[[ Available records open ]]

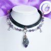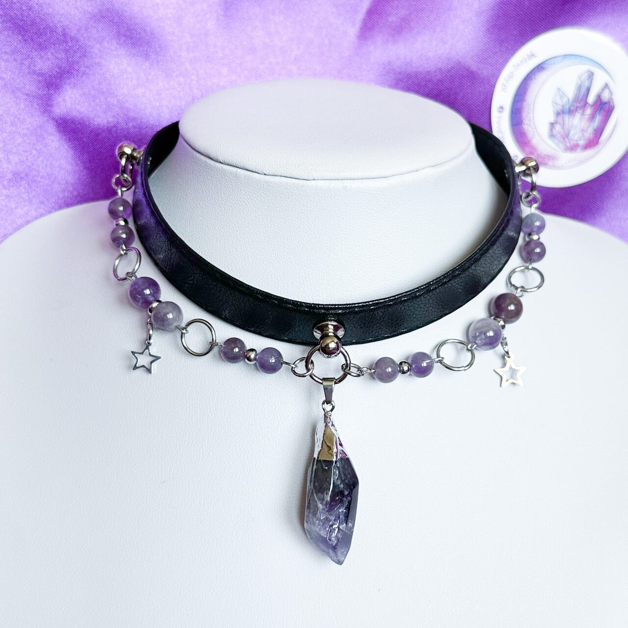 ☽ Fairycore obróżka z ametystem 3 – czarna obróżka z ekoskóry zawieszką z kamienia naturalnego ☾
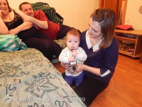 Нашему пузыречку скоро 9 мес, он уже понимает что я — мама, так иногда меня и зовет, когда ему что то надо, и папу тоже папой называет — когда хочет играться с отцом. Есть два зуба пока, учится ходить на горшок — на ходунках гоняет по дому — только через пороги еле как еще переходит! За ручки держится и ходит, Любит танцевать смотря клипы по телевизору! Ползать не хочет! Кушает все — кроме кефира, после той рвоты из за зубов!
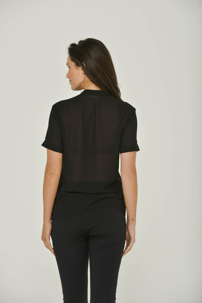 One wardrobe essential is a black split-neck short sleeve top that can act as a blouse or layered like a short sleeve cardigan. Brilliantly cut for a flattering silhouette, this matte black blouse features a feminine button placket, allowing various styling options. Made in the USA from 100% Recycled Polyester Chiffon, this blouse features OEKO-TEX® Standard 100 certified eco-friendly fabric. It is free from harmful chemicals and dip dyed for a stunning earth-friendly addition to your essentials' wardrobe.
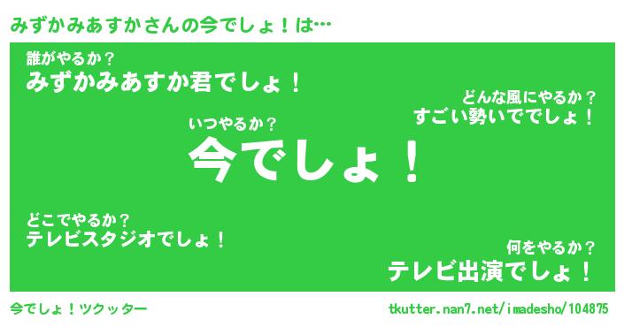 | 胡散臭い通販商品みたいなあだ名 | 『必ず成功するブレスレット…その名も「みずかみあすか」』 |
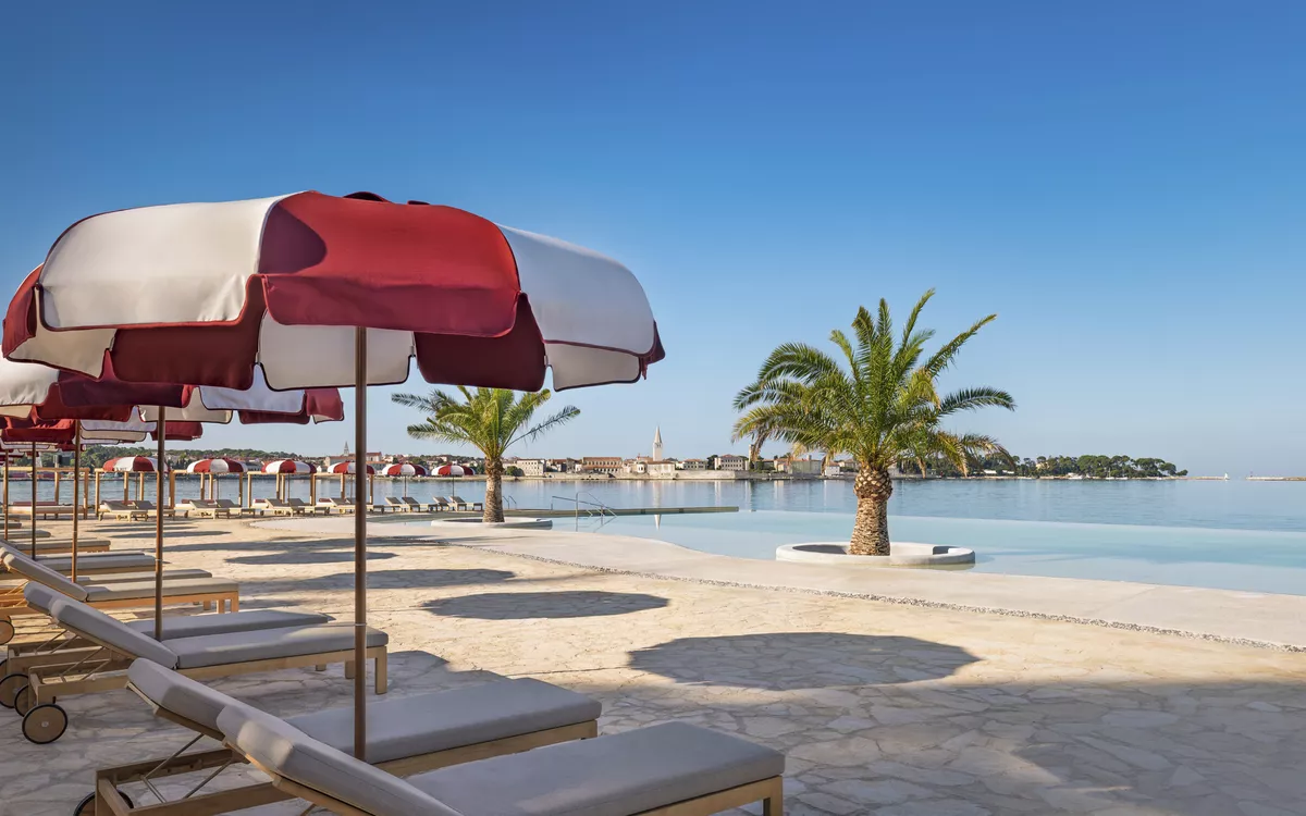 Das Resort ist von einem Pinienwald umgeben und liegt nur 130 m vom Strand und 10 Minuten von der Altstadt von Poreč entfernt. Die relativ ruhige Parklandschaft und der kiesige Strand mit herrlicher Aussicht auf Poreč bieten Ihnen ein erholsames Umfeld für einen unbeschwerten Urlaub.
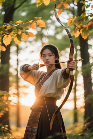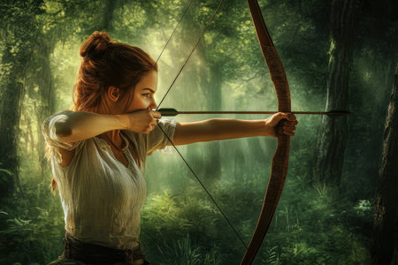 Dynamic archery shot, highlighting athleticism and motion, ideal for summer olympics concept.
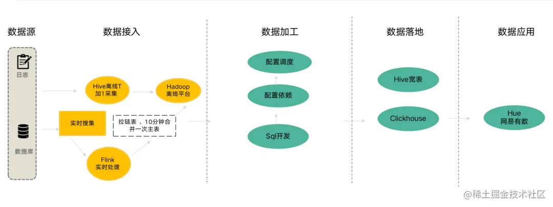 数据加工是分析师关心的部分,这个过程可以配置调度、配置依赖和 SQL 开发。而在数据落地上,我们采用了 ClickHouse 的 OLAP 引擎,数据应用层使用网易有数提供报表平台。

[[ Available records closed ]]

### Aim of the task
Type out the data above once more, exactly, with no images included.

### Solved problem
 ☽ Fairycore obróżka z ametystem 3 – czarna obróżka z ekoskóry zawieszką z kamienia naturalnego ☾
 Нашему пузыречку скоро 9 мес, он уже понимает что я — мама, так иногда меня и зовет, когда ему что то надо, и папу тоже папой называет — когда хочет играться с отцом. Есть два зуба пока, учится ходить на горшок — на ходунках гоняет по дому — только через пороги еле как еще переходит! За ручки держится и ходит, Любит танцевать смотря клипы по телевизору! Ползать не хочет! Кушает все — кроме кефира, после той рвоты из за зубов!
 One wardrobe essential is a black split-neck short sleeve top that can act as a blouse or layered like a short sleeve cardigan. Brilliantly cut for a flattering silhouette, this matte black blouse features a feminine button placket, allowing various styling options. Made in the USA from 100% Recycled Polyester Chiffon, this blouse features OEKO-TEX® Standard 100 certified eco-friendly fabric. It is free from harmful chemicals and dip dyed for a stunning earth-friendly addition to your essentials' wardrobe.
 | 胡散臭い通販商品みたいなあだ名 | 『必ず成功するブレスレット…その名も「みずかみあすか」』 |
 Das Resort ist von einem Pinienwald umgeben und liegt nur 130 m vom Strand und 10 Minuten von der Altstadt von Poreč entfernt. Die relativ ruhige Parklandschaft und der kiesige Strand mit herrlicher Aussicht auf Poreč bieten Ihnen ein erholsames Umfeld für einen unbeschwerten Urlaub.
 Dynamic archery shot, highlighting athleticism and motion, ideal for summer olympics concept.
 数据加工是分析师关心的部分,这个过程可以配置调度、配置依赖和 SQL 开发。而在数据落地上,我们采用了 ClickHouse 的 OLAP 引擎,数据应用层使用网易有数提供报表平台。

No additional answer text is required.